- _TRY IT_: Every line below needs to be printed again exactly, without any of its pictures.

- _SUPPLIED MATERIAL_:

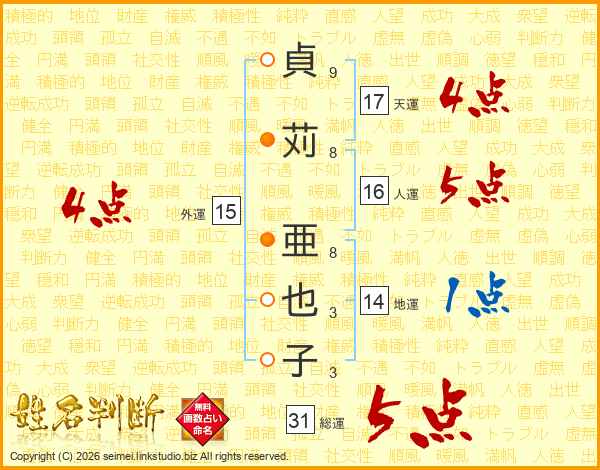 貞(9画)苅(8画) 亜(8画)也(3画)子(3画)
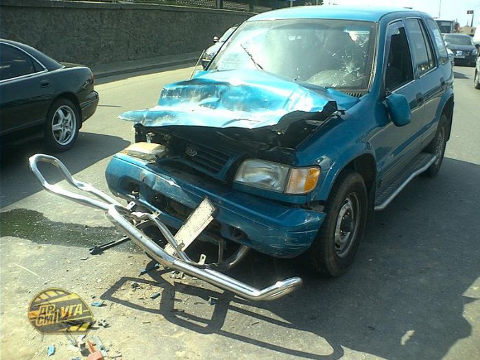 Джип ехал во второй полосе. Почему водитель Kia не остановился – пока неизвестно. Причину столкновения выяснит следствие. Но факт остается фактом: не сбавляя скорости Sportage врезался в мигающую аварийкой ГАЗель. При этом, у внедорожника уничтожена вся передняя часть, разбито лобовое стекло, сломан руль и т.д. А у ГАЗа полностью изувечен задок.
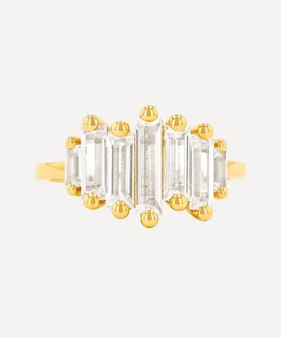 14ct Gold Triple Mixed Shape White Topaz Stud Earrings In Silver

- _SOLUTION TO THIS PROBLEM_:
 貞(9画)苅(8画) 亜(8画)也(3画)子(3画)
 Джип ехал во второй полосе. Почему водитель Kia не остановился – пока неизвестно. Причину столкновения выяснит следствие. Но факт остается фактом: не сбавляя скорости Sportage врезался в мигающую аварийкой ГАЗель. При этом, у внедорожника уничтожена вся передняя часть, разбито лобовое стекло, сломан руль и т.д. А у ГАЗа полностью изувечен задок.
 14ct Gold Triple Mixed Shape White Topaz Stud Earrings In Silver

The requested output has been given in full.